Bu cümlelerinden anlaşılacağı üzere Beauvoir, çocuk sahibi olmanın ve doğurma özgürlüğünün değerine inanmıştı. Doğurmayı bir 'üstünlük' olarak da görüyordu. Elbette bunu çıkar için yapmamak kaydıyla…
Yazı 10 bin vuruşu aştı yine. Artık toparlayalım: Beauvoir Feminist'tir, 'İkinci Dalga'ya büyük düşünsel katkılarda bulunmuştur. Ancak günümüzde yaşasaydı bugünün Feminizmi'ni kuvvetle muhtemel yerden yere vururdu. Yine de klişe deyimle 'son tahlilde' modern Feminizm'i postmodernist bir metodolojiyle kurduğu için günümüzün Feminizmi'nin temellerinin atılmasında katkısı ya da tam zıt bakışla sorumluluğu vardır.
Beauvoir, her şeye rağmen erkekte maskülen, kadında feminen yani kadınsı özelliklerin muhafaza edilmesi gerektiğine inanan bir düşünürdür. Günümüzün 'Dördüncü Dalga Feminizmi'nin yaptığı gibi kadındaki feminenliği söküp atmaya yeltenmemiştir. (Bu konuda yazdığım yazı için bkz: https://www.sabah.com.tr/yazarlar/pazar/ferhat-unlu/2019/11/10/dorduncu-dalga-feminizm-ve-cam-tavan-sendromu)
Boşuna değildir şu cümlesinde ısrarla kadın kimliğine vurgu yapması:
"Ama eğer kendimi tanımlamam gerekirse, her şeyden önce şunu söylemeliyim: 'Ben bir kadınım'; diğer bütün tartışmalar bu gerçeğe dayandırılmalıdır."

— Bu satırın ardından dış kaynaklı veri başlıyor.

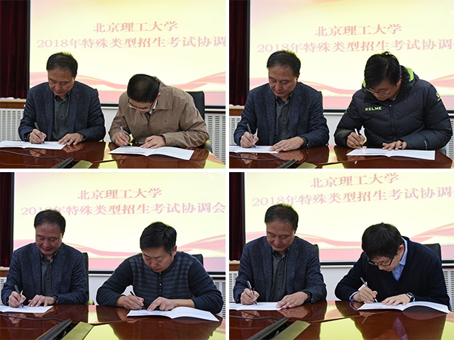 会上,王晓锋代表学校分别与外国语学院、体育部、设计与艺术学院、校团委、艺术教育中心负责人签订了《BB贝博艾弗森官方网站2018年特殊类型招生考试工作责任书》。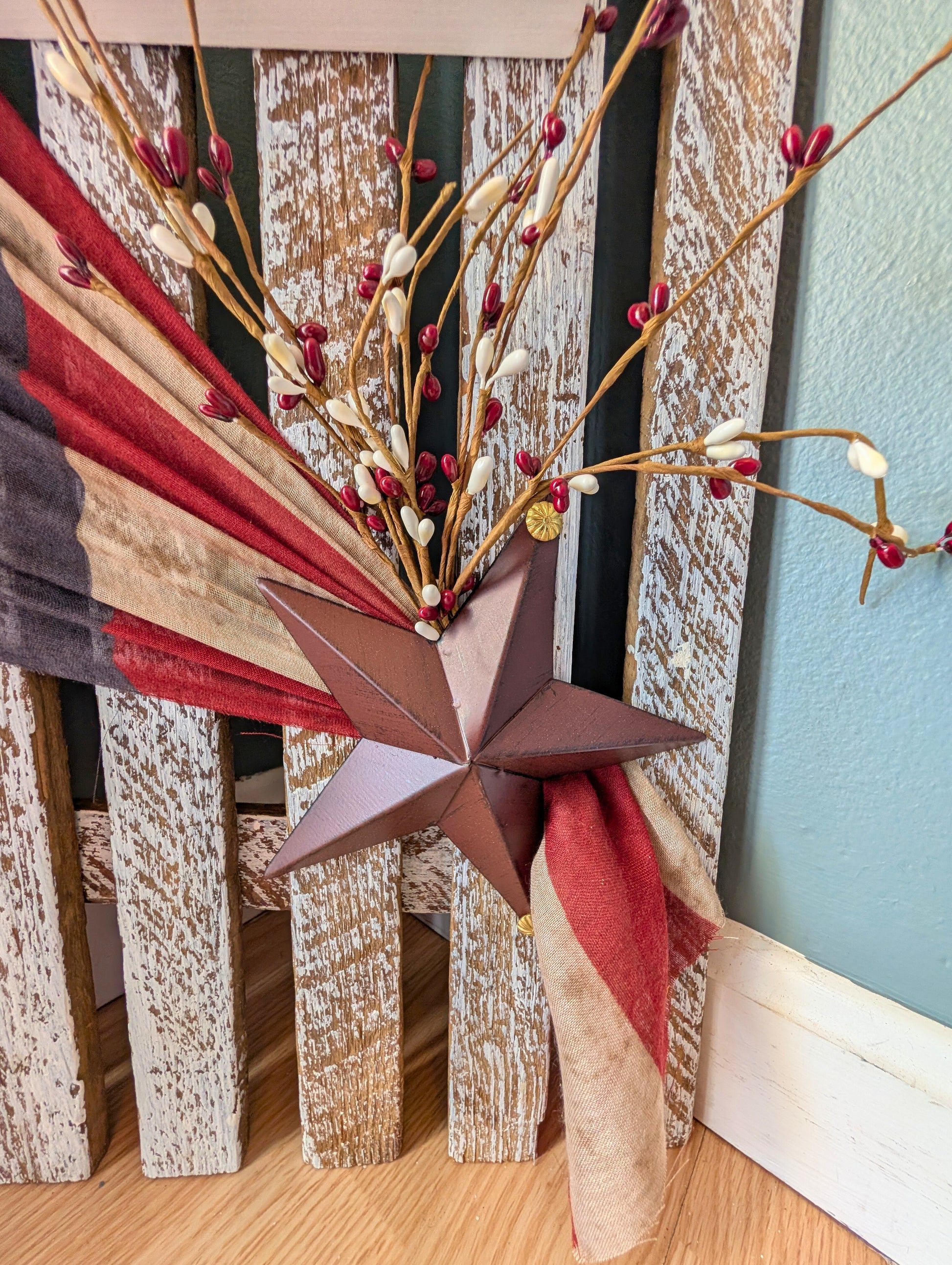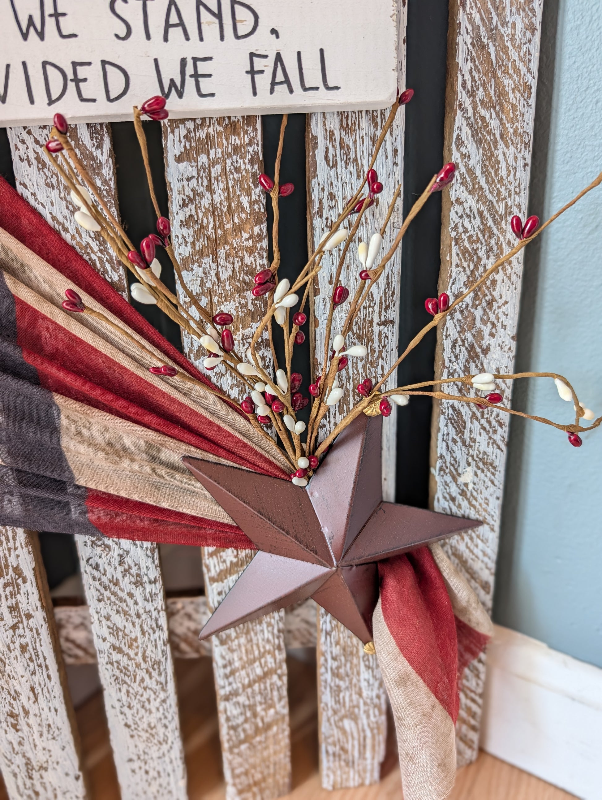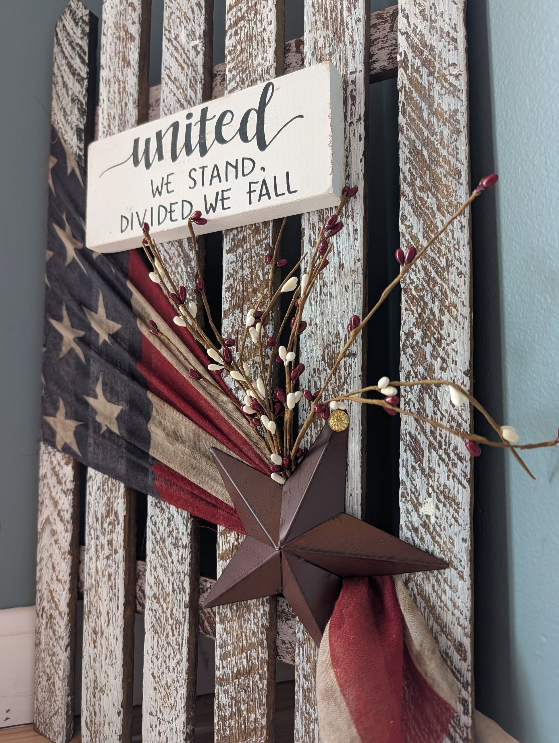 Designed to resemble a vintage picket fence, this piece features distressed wood, black lettering, and accents including a patriotic scarf, star, & branches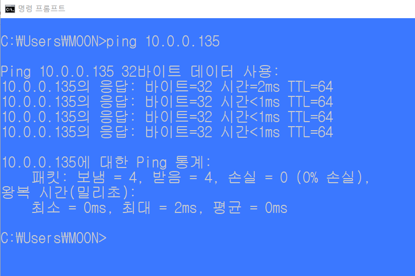 host에서 10.0.0.135로 ping을 날리면 정상적으로 전송되었습니다!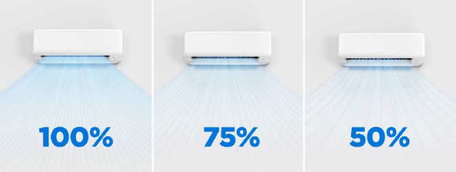 Functia "Gear" - MIDEA Inverter permite alegerea unui nivel de putere mai scazut, economisind astfel energie cand este suficient de racoare. Sunt posibile trei optiuni pentru consumul de energie - 50%, 75% si 100%.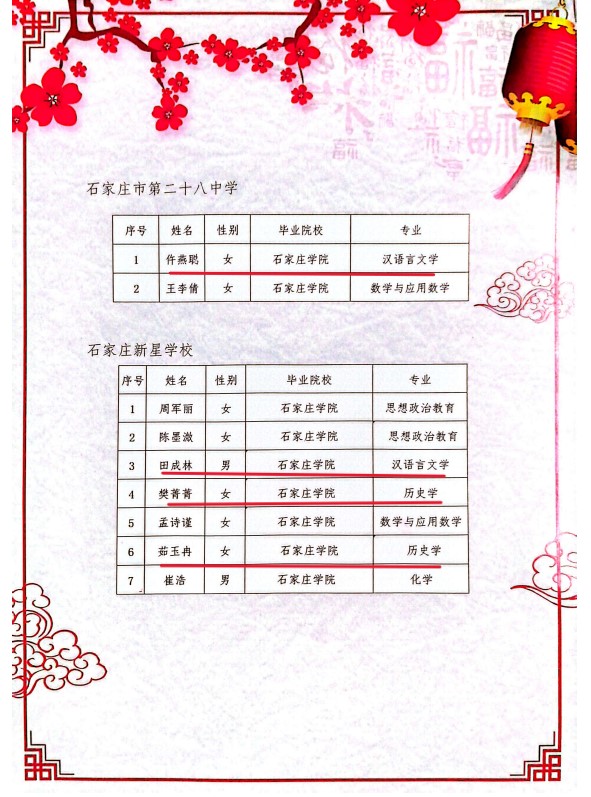 近日,我校收到石家庄市第二十八中学(石家庄新星学校)发来的感谢信,对我校9名2025届师范类应届毕业生的工作表现给予高度评价,其中有4名为我院汉语言文学和历史学专业毕业生。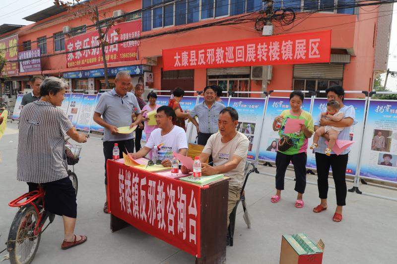 7月16日,太康縣反邪教巡回展在轉(zhuǎn)樓鎮(zhèn)開展反邪教宣傳活動。當日,轉(zhuǎn)樓鎮(zhèn)政府組織鎮(zhèn)綜治中心、派出所、司法所、中心校等單位,在轉(zhuǎn)樓大街布置展板、咨詢臺,接受群眾咨詢1000余人次,發(fā)放宣傳頁1000多份。 記者 馬治衛(wèi) 通訊員 徐偉 攝

Yani kadınlığa, tabiatıma aykırı bir düşüncem olamaz demeye getiriyor. Bunu Feminizm, Feninenizm'e karşı değildir, olmamalıdır diye tefsir edebiliriz. (12 Şubat 2012 tarihli 'Devlet, paralel devlete karşı' başlıklı yazımla mukayeseli düşünürsek burada devlet, yani meşru güç 'Feninenizm', paralel devletse 'Feminizm' oluyor.)
Salomé'den ziyade Beauvoir gibi kadınların sayısının artması dileğiyle… Ya da şöyle söyleyelim: Tarihe Salomé olarak değil, Beauvoir olarak geçmek isteyen kadınların sayısının artması temennisiyle…
8 Mart Dünya Kadınlar Günü kutlu olsun.